Observability & debugging

  • Real-time token throughput and response latency in the right inspection panel.
  • Tool timeline: TOOL_START / TOOL_END events with structured metadata.
  • Stream debugging log toggle for diagnosing provider interactions.

🏗️ Architecture

The project follows a layered architecture for maintainability and future refactoring:

  • ui/: presentation layer for windows, widgets, input collection, and interaction forwarding.
  • core/: runtime core for command dispatching, task loops, prompt assembly, skills, attachments, and context building.
  • services/: application services for persistence, provider management, search, and MCP orchestration.
  • models/: data models such as Conversation, Provider, and State.
  • utils/: general-purpose utilities with minimal business coupling.

See also:

🚀 Quick Start

Requirements

  • Python 3.9+
  • Windows / macOS / Linux

Install and run

git clone <repository-url>
cd pycat
python -m venv .venv

# Windows
.venv\Scripts\activate

# macOS / Linux
source .venv/bin/activate

pip install -r requirements.txt
python main.py

If you just want to try it quickly, the happy path is straightforward: install dependencies and run python main.py.

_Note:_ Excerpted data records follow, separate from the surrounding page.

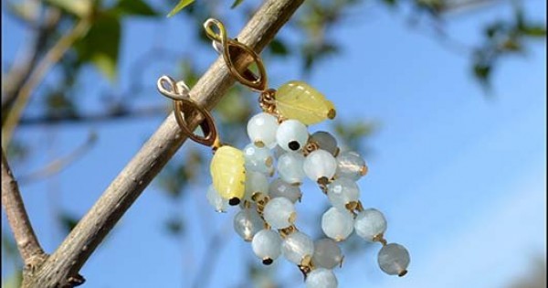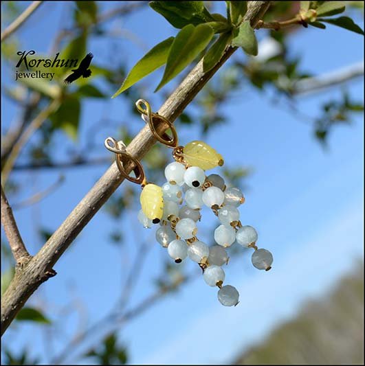 Очаровательные серьги-грозди из натурального аквамарина и жадеита. Словно некрупные кисти роскошной ..
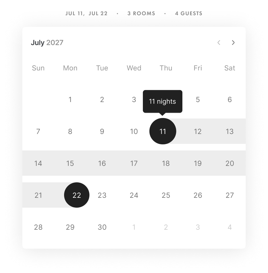 HotelHub enables your guests to book multiple rooms, with dynamic capacity and real-time price calculations.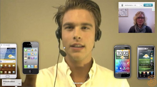 丹麥的運(yùn)營(yíng)商3帶來(lái)了獨(dú)特的視頻服務(wù)熱線“3LiveShop”,這可以讓撥叫客服的客戶與員工面對(duì)面,就像在營(yíng)業(yè)廳一樣。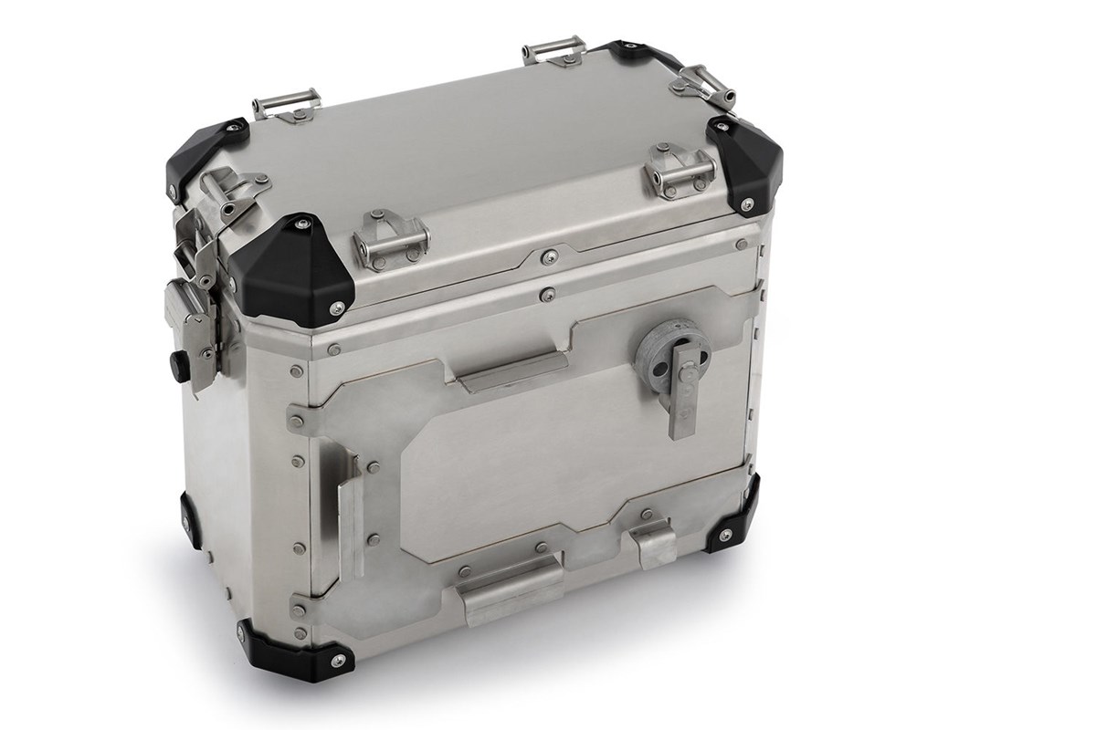 Unsere stabilen, leichten und dabei stilsicheren Aluminium-Koffer EXTREME slimline gehen mit Ihnen durch dick und dünn! Das Anbringen am Träger ist dank des Schnellverschlusssystems unkompliziert. Sie sind durch ihr spezielles Dichtsystem absolut staub- und wasserdicht. Durch die konsequente Verwendung ausschließlich hochwertiger Werkstoffe ist die Langlebigkeit unseres Gepäcksystems „EXTREME“ gewährleistet. Dazu trägt das verarbeitete 1,5 mm-Aluminiumblech mit stabilisierenden Sicken (gewichtsoptimiert, dennoch robust), die Edelstahlbeschläge und der austauschbare Rundumschutz an allen Ecken bei.

🛠️ Build for Windows (Nuitka)

To generate a standalone Windows build and a versioned zip package with Nuitka:

python -m pip install -r requirements.txt
python -m pip install nuitka ordered-set zstandard
powershell -ExecutionPolicy Bypass -File .\build_nuitka.ps1

The build script will:

  • compile a standalone Windows distribution with Nuitka (--standalone --enable-plugin=pyqt6),
  • produce pycat.exe in the output directory,
  • bundle assets/, pycat.ico, LICENSE, README.md, and README_zh.md,
  • generate a versioned zip archive: pycat-0.0.2-windows-x64.zip.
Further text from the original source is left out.